= Immediate jeopardy =

Medical situation causing serious risk of harm or death

In healthcare in the United States, immediate jeopardy (IJ) is a term for situations in which a medical entity is noncompliant with regulations and requirements in a way that has placed the health and safety of recipients in its care at risk for serious injury, serious harm, serious impairment, or death. Immediate jeopardy, and the noncompliance that created it, carries the most serious sanctions for entities. To qualify as immediate jeopardy, a situation must be clearly identifiable due to the severity of its harm or likelihood for serious harm and the immediate need for it to be corrected to avoid further or future serious harm. Immediate jeopardy warnings are most often applied to nursing homes, but can be applied to hospitals and other providers, suppliers, or medical laboratories.
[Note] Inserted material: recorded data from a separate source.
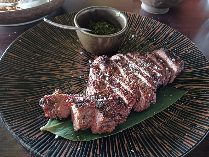 The restaurant has a very nice river view. Smoked butter with bread is a good start of a big meal. Oyster with spicy sauce was so delicious. Octopus was tender and seasoned well. Bone marrow was great. The sause of the steak added points for the steak.
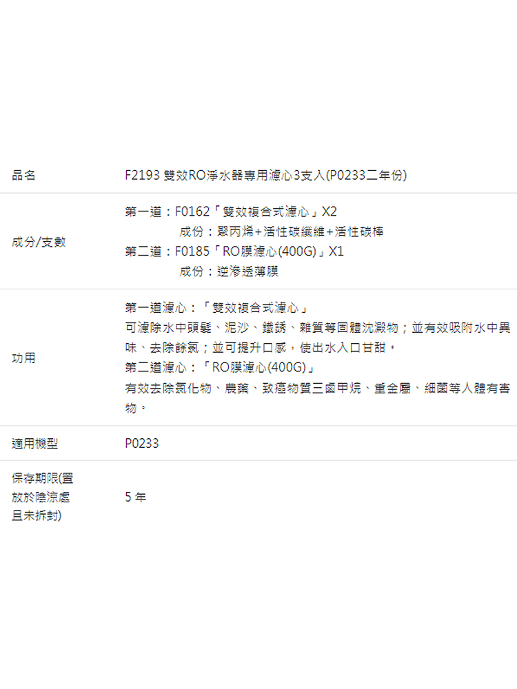 F2193 雙效RO淨水器專用濾心3支入(P0233二年份)
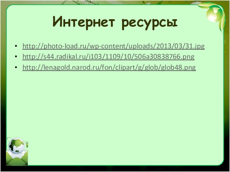 Слайд 21Интернет ресурсы
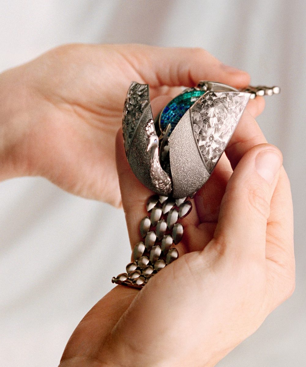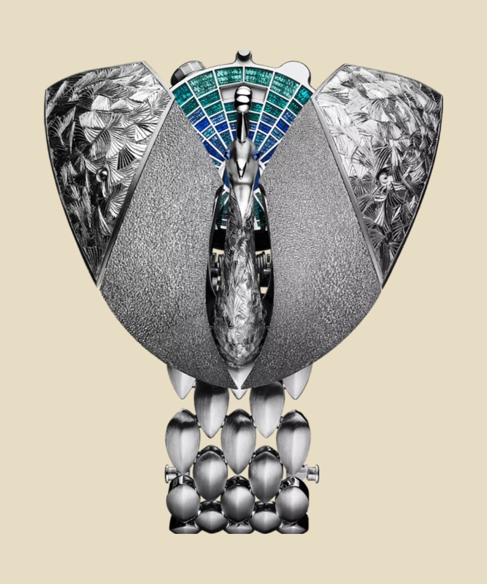 Next up, Audemars Piguet spreads its feathers with the Établisseurs Peacock, a white gold secret watch with an automation function designed by Kenan Géraud. When closed, it appears as a beetle on the wrist, but when activated, a secret opening function designed by Giulio Papi sees the peacock’s head rise and reveal its plumage, with the wings unfolding sideways and showing off the enamelled dial with a window for the dragging hour display, powered by the calibre 3098.2.
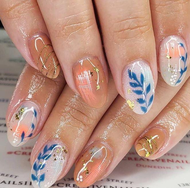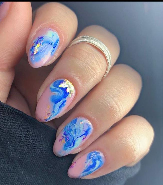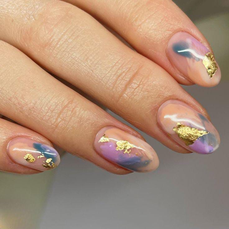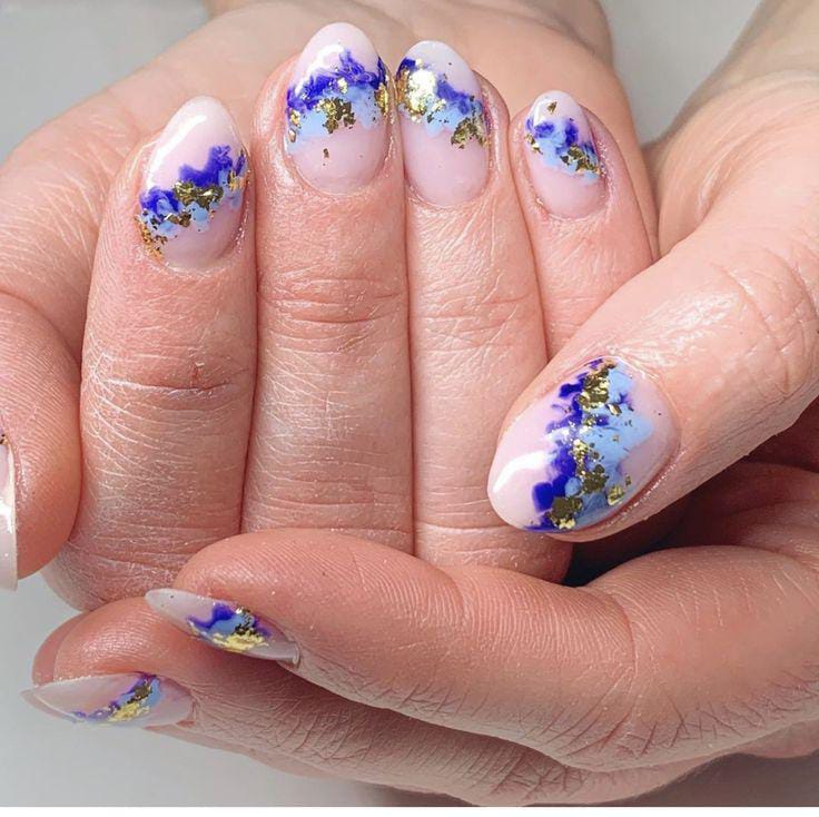 Soft nude nails are layered with blue marble accents and hints of gold foil, giving a delicate yet artistic spring feel. The design feels airy, elegant, and lightly luxurious.
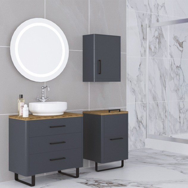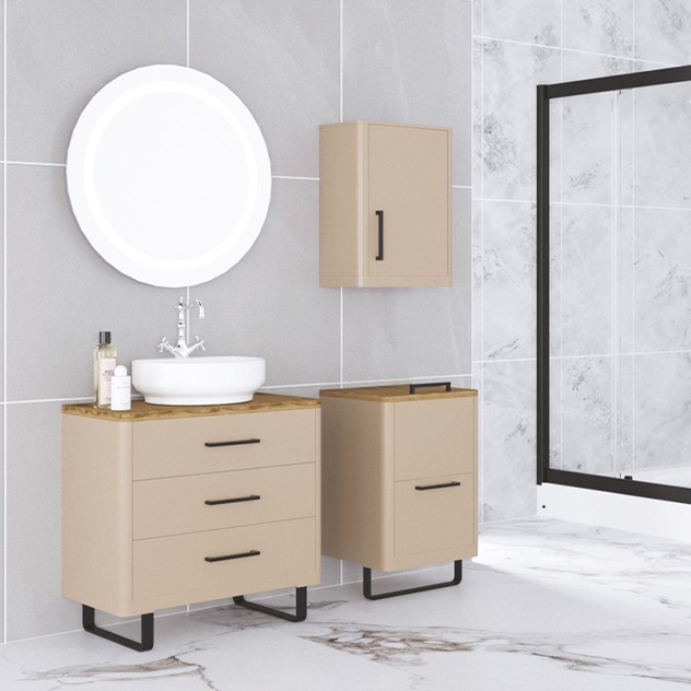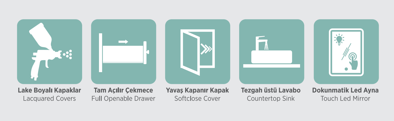 Liya; modern tasarım çizgileri ve tezgah üstü uyumlu lavabosuyla banyonuza estetik katar. Lake boyama yüzeyi ile banyonuzun ıslak hacimlerini parlaklığıyla tam uyum sağlar. Geniş çekmeceli iç hacimi, dekoratif ayak yapısı ve üst açılır pratik boy dolabı ile fonksiyonel kullanım sağlar.
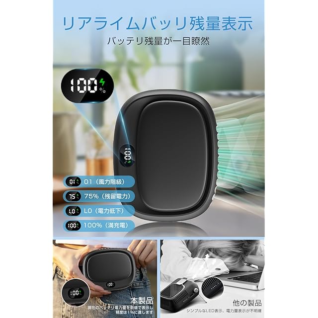 ✅【一目でわかる精細液晶LEDディスプレイ·腰掛けクーラー】従来型より、当社の腰掛けクーラーが一目でわかるLEDディスプレイ付きので、ファンの変速状態と電力残量が表示されるため、いつでもお好みの風速に切り替えることができ、タイムリーな充電情報を把握することができます。当社の携帯扇風機は、6000mAh大容量バッテリー、LEDディスプレイ、Type-C急速充電、4段階風量調節、軽量で持ち運びが簡単という利点を組み合わせており、今までのない使用体験を提供します。
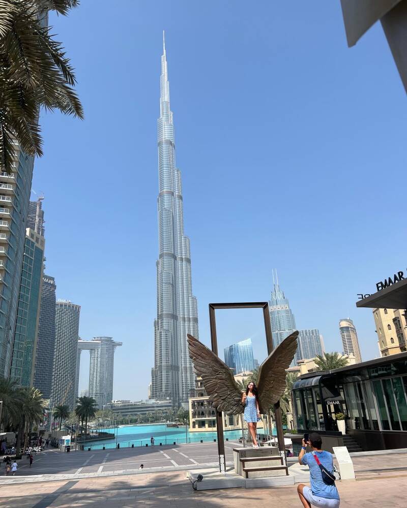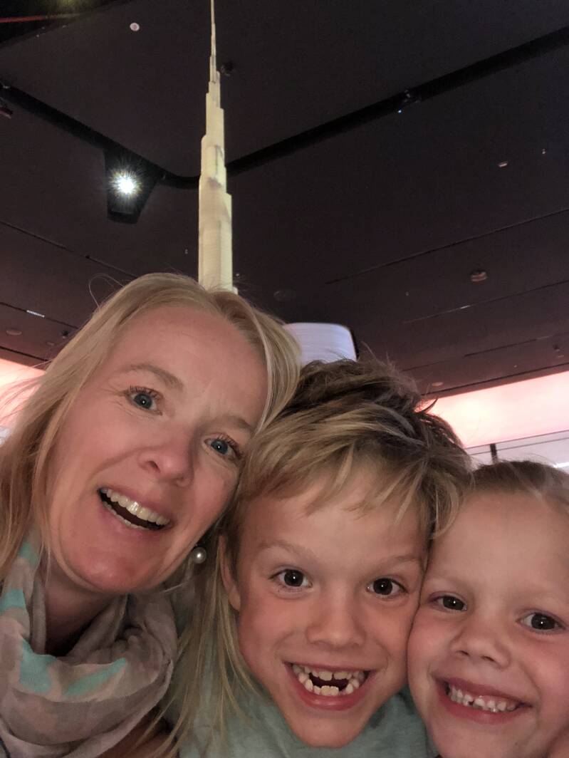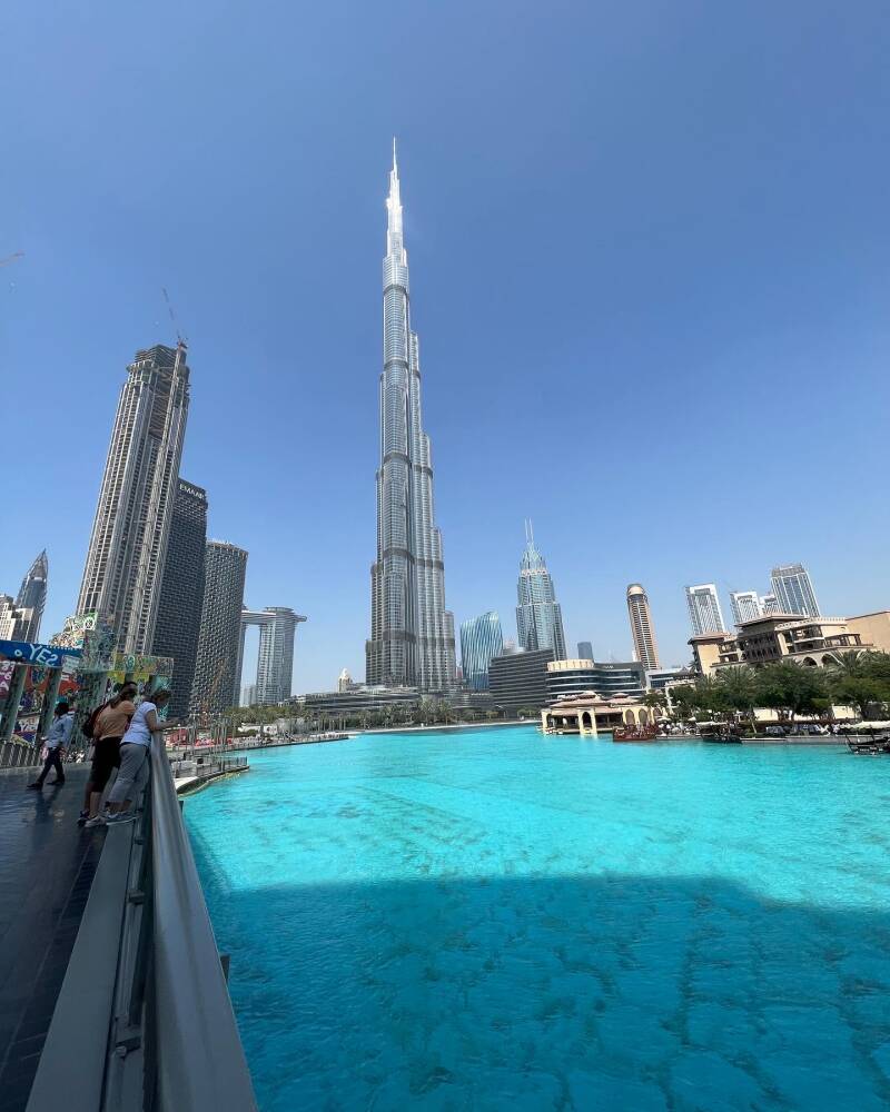 After our visit to the 124th and 125th floor, we went outside (the Dubai Mall) to the central square in front of the Burj, where also the fountains show is, which we saw in the evening (it is on another page on this website). We did an 'instashoot' of all of us with in the background the Burj, which is really hard to get it all in one picture. The Burj and the fountains are top tourist attractions with around 17 million visitors a year.
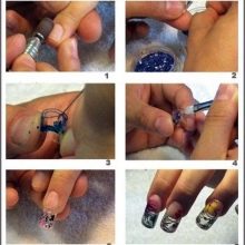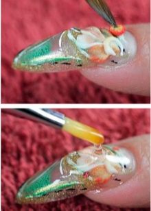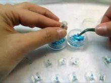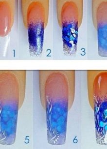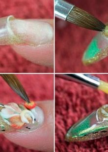 Neméně důležitým krokem v akváriové manikuře je označení přibližného vzoru. Tato položka je zvláště důležitá, protože ukáže, jak krásný bude vybraný design vypadat na nehtech. Kromě toho vám montáž umožňuje vidět význam výzdoby pro konkrétní styl a obraz ženy. V této fázi mistr zváží, zda se budou kombinovat fólie a vzor, kamínky nebo zda je lepší použít korálky, vývary, zlatá vlákna, slída nebo dokonce mramorové třísky.
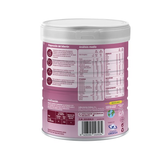 Außerdem enthält es 100% teilweise hydrolysierte Molkenproteine, die eine hohe Verdaulichkeit bieten, Maisstärke, die dazu beiträgt, leichte Regurgitationen zu reduzieren, und Inulin als präbiotische Faser, die hilft, die Hydratation zu stimulieren und Verstopfung vorzubeugen.
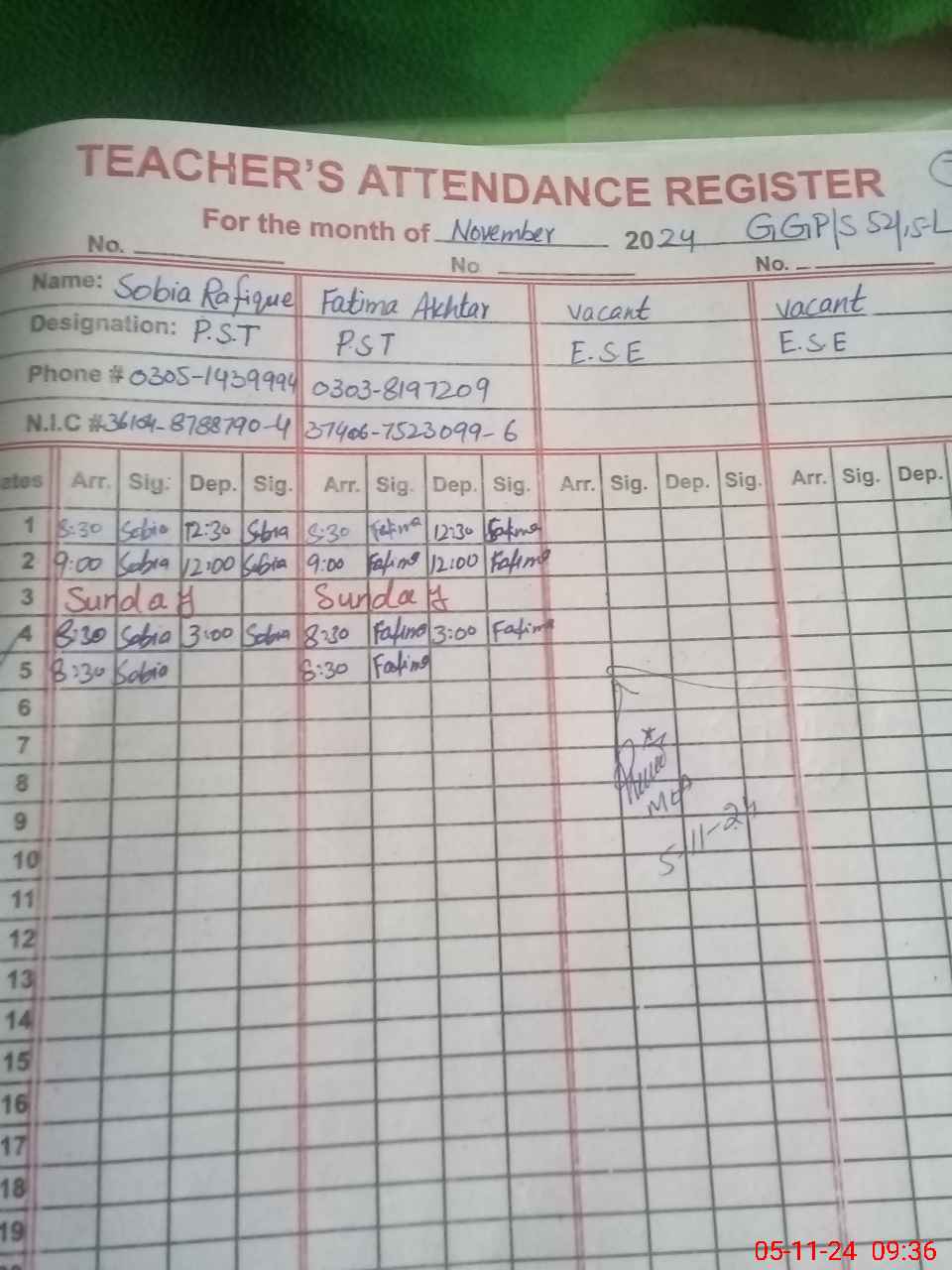 | Name: SO**** RA**** Designation: (School Headmaster's/Headmistress's) PST Phone/Cell Number: 03**** |
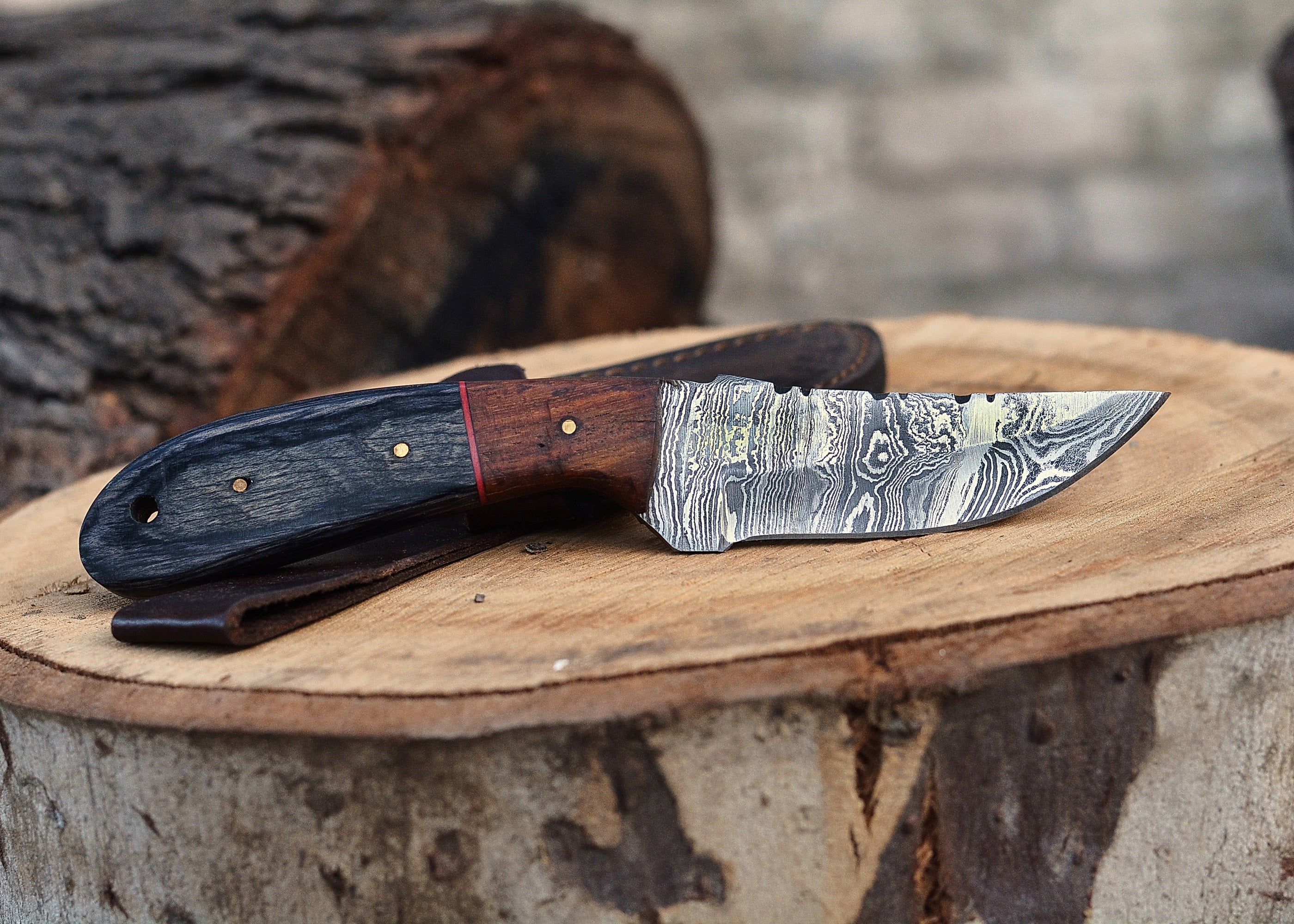 Crafted from premium Damascus steel and reinforced hardwood materials, this knife is built to withstand outdoor challenges.
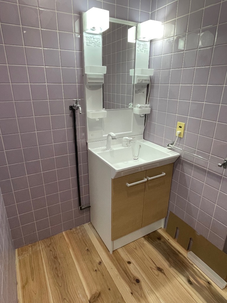 今日も紀の川市の工房はプチリフォームしました。洗面所の朽ちた洗面台を撤去して、カフェ板を貼って、新しい洗面台を設置しました。
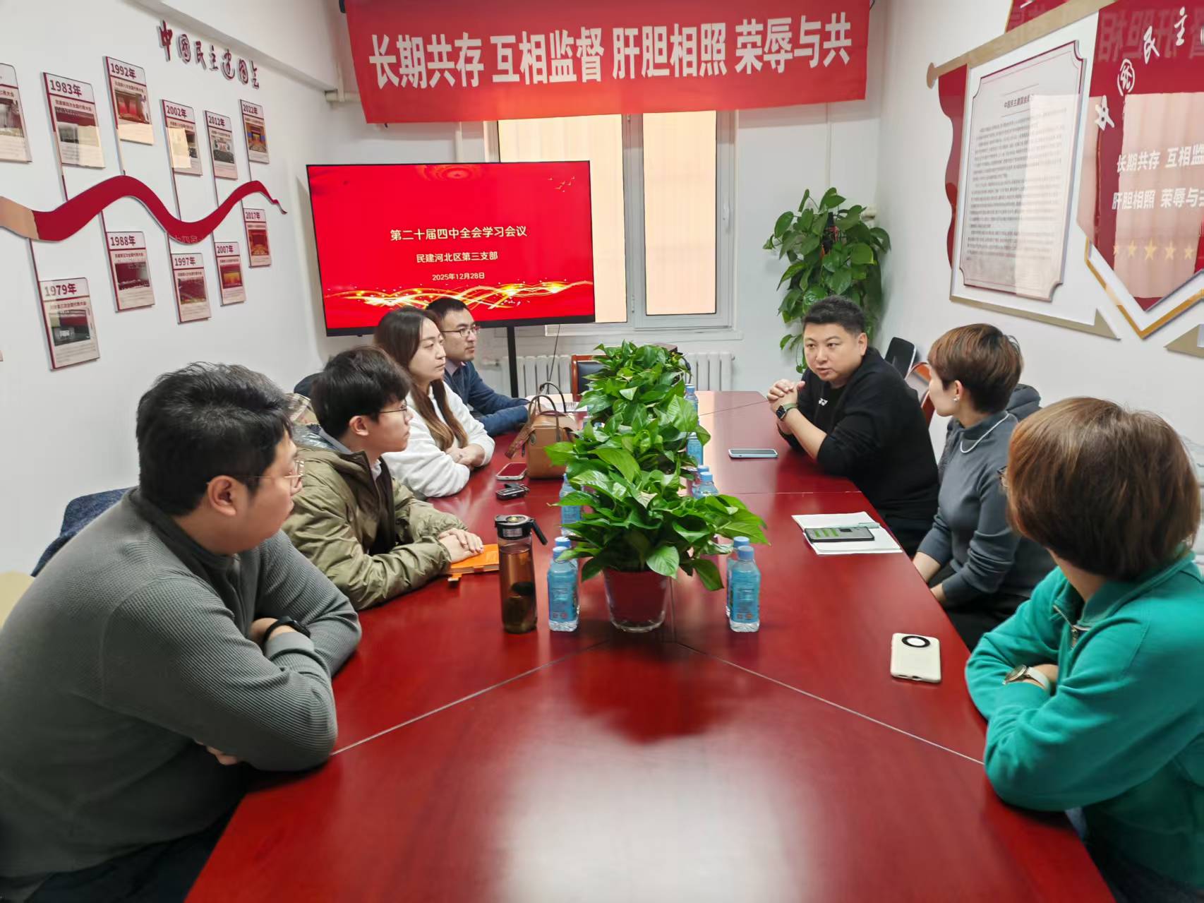 2025年12月28日,河北区委会第三支部召开专题学习会,学习贯彻中共二十届四中全会精神。会议由支部主委庞渤主持,支部9名会员共同参与学习。

Following a periodic survey of an entity and a thorough investigation, the Centers for Medicare & Medicaid Services (CMS) or a state health agency acting on behalf of CMS may issue an immediate jeopardy warning (also called a notice, finding, or tag) to an entity. The entity must immediately provide a plan of correction for the immediate jeopardy. Removal of the immediate jeopardy may include termination of noncompliant employees, being placed under federal temporary management, or in severe cases, closure of the entity. CMS requires removal of the immediate jeopardy within 23 days of the warning, and will withdraw funding if the immediate jeopardy is not removed.

A report by the Kaiser Family Foundation found that in 2019, 23% of nursing homes in the US had an actual harm or immediate jeopardy deficiency. Immediate jeopardy warnings for hospitals are much less frequent.

Immediate jeopardy warnings are not necessarily reflected in third-party patient safety rankings.